Every Man For Himself?
Is all fair in love, war, and in divorce? Do the ends justify the means?
No. And no.
The purpose of divorce law is to treat both spouses fairly as to all issues in the divorce case.
Presumptively, the fairest way to divide a marital estate and custody of the children is to divide them equally. It makes good sense. Generally and presumptively, it’s the decent and right thing to do, and the thing the court is charged with seeking (if you were to leave the matter in the hands of a judge). Otherwise stated, selfishness and greed doesn’t play in divorce (and selfishness and greed are fairly easy to detect).
Lying and cheating your way through the process may be tempting – because it can be highly effective. Unless you get caught, lying and cheating has virtually no costs. Many people who lie and cheat feel that the rewards greatly outweigh the risks.
Many people believe that lying and cheating in their divorce actions is justified to ensure that they get what they feel they deserve.
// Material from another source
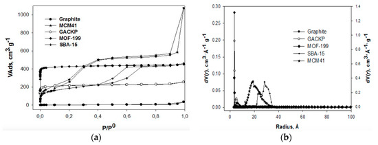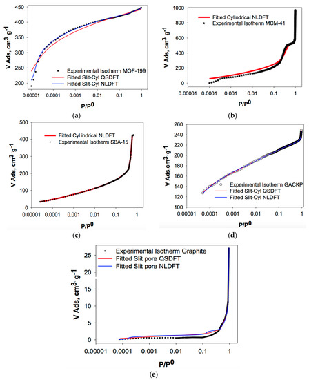 Porosity size distribution was performed using the Non-Local Density Functional Theory (NLDFT) and Quenched Solid Density Functional Theory (QSDFT) models, applying slit, cylinder and combined pore geometry. The results obtained with the AsiQWin software of IQ2 Autosorb (Quantachrome Inc. Boynton Beach, FL, USA) are shown in Figure 2a–e. The samples, in general, were more adjusted to the NLDFT model. The DFT models that adjusted better for each one of the studied samples taking into account the geometry pore were: for GACKP, QSDFT cylinder-slit geometry, while NLDFT describe better the experimental data of graphite, with slit pore geometry, SBA-15, and MCM-41, with cylinder pore geometry, and MOF-199, with a combined geometry (cylinder-slit). The sample that has a better fit to the QSDFT model is characterized by having rough and energetically heterogeneous surfaces, characteristic of activated carbons obtained from lignocellulosic waste, while NLDFT describes a geometric and energetic homogeneous surface, just as expected from the mesostructured silicas and the graphene layers of the graphite.
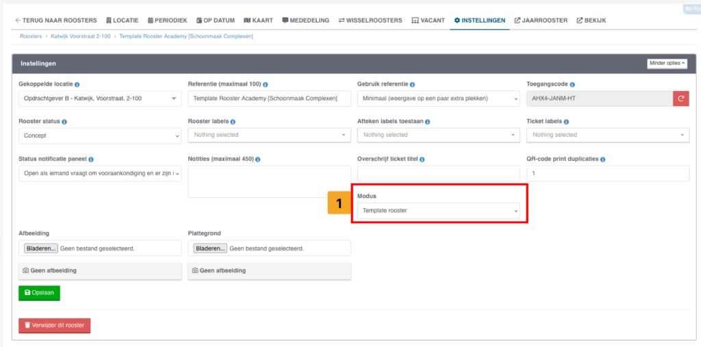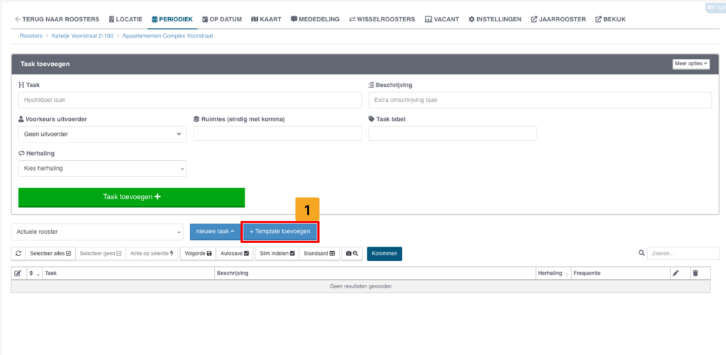 - Geef het rooster een duidelijke referentie naam, zodat je het later makkelijk herkent (Bijvoorbeeld: [Template rooster – Kantoor schoonmaak complex])

Common examples include:
- Accusing the other parent of child and/or spouse abuse to obtain an advantage in a child custody dispute;
- Concealing from your spouse and the court the identity of bank accounts and other assets, so that your spouse cannot get a portion of the accounts and other assets;
- Lying about adulterous affairs, substance abuse and addictions, and physical and psychological disabilities, for fear that disclosing the truth of these matters might result in the court taking punitive measures against you, or “rewarding” your innocent spouse;
- Misrepresenting your earning capacity and/or underreporting your income or inflating your claimed expenses to game the child support and/or alimony award.
If your plan is to base your divorce “strategy”—to any extent—on lying and cheating, you’re not a good candidate for OurDivorce. In fact, since you will most certainly fail our proces, we encourage you to stop reading and stop the OurDivorce process right now.